Но тень Лолиты Торрес продолжала витать над нею довольно долго. Она последовала за Гурченко в ее драматические роли — сообщила необходимую «испанистость» ее Франческе и Изабелле, контрабандой проникла даже в «Гулящую». Не оставила она актрису и в театре. Сама Гурченко давно уже была готова с былыми кумирами расстаться — но от нее по инерции ждали экзотики. Гурченко предлагала «Современнику» свою Надю из «Старшей сестры»— интуитивно уже понимала, где сильна, а где — нет, и рвалась уже не просто к «лицедейству». Хотелось выразить накопленное, какой-то свой житейский опыт и собственные наблюдения. Но играть пришлось Роксану. Гурченко, как никто, умела передать говор харьковской толпы, обладала совершенно бабелевским слухом на острую, живую разговорную речь, звучащую вокруг. Умела подать ее, сделать фактом искусства азартного и многозначного. А говорить со сцены надо было высоким слогом Ростана. Она «Современник» впервые полюбила за то, что все на его сцене было «как в жизни». Но первая большая роль ее пришлась на спектакль, где и сам театр неуверенно осваивал новый для себя язык, «… что выше и загадочнее бытовых примет времени», и способ сценического существования — «как в театре».

Разумеется, актрисе нужно уметь и это. Но ни киноинститут, который она окончила, ни кинопрактика, которую она к тому времени имела, не были достаточной школой в освоении классики и необходимых тут сценических навыков. Надо было все постигать с азов.

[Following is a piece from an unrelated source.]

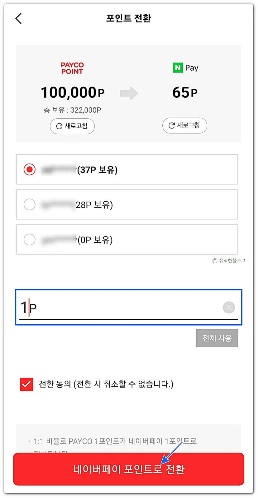 ‘전환 동의’에 체크하고, ‘네이버페이 포인트로 전환’을 눌러주시면 됩니다.

И сразу — Роксана.

Что ж делать, училась прямо на сцене, на глазах у зрителей. Учились и ее партнеры по спектаклю, им тоже все было непривычно и неудобно. «Вот-вот споткнется Роксана на лестнице, вот-вот запнется Сирано или проглотит, забывшись, лучшую строчку»[20], — писал журнал «Театр».

Она делала успехи. И Юрий Айхенвальд, автор перевода, вообще-то очень взыскательный к спектаклю, признавал удовлетворенно: «Я вижу, что для Роксаны — Гурченко каждый спектакль — это шаг к своей Роксане…»[21].

Она делала успехи и «лузе smiling» — «сохраняла улыбку», уговаривала себя, что все хорошо, просто отлично. «Огромная радость сегодня появиться в спектакле «Сирано де Бержерак», завтра в эксцентрической роли гувернантки в «Голом короле», а затем в пьесе «Всегда в продаже» сыграть маленькую «стиляжку» Эллочку, которая выходит замуж за трубача, превращается в замученную маму и все продолжает жить надеждой на перемену судьбы». Это из интервью 1966 года журналу «Искусство кино»[22].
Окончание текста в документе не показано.